Over the past few years, we have seen fundamental breakthroughs in core problems in machine learning, largely driven by advances in deep neural networks. At the same time, the amount of data collected in a wide array of scientific domains is dramatically increasing in both size and complexity. Taken together, this suggests many exciting opportunities for deep learning applications in scientific settings. But a significant challenge to this is simply knowing where to start.
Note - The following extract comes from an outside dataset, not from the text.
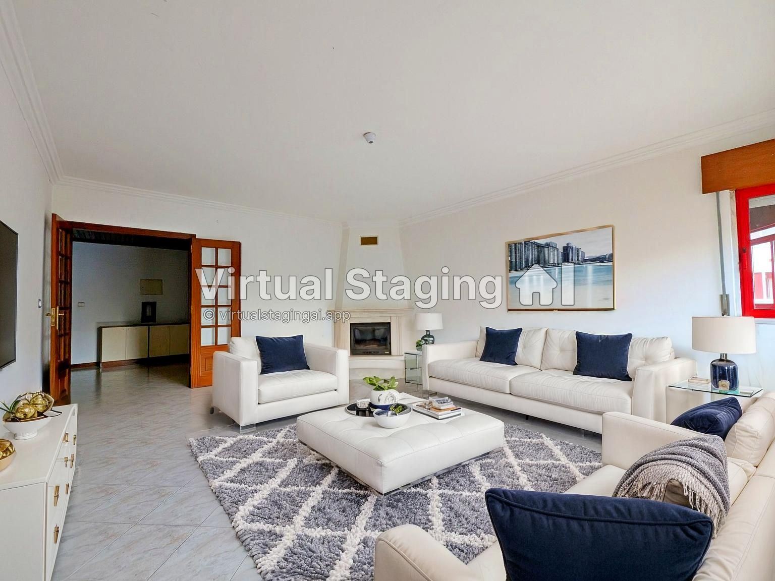 - Large living room with fireplace

The sheer breadth and diversity of different deep learning techniques makes it difficult to determine what scientific problems might be most amenable to these methods, or which specific combination of methods might offer the most promising first approach. In this survey, we focus on addressing this central issue, providing an overview of many widely used deep learning models, spanning visual, sequential and graph structured data, associated tasks and different training methods, along with techniques to use deep learning with less data and better interpret these complex models --- two central considerations for many scientific use cases. We also include overviews of the full design process, implementation tips, and links to a plethora of tutorials, research summaries and open-sourced deep learning pipelines and pretrained models, developed by the community. We hope that this survey will help accelerate the use of deep learning across different scientific domains.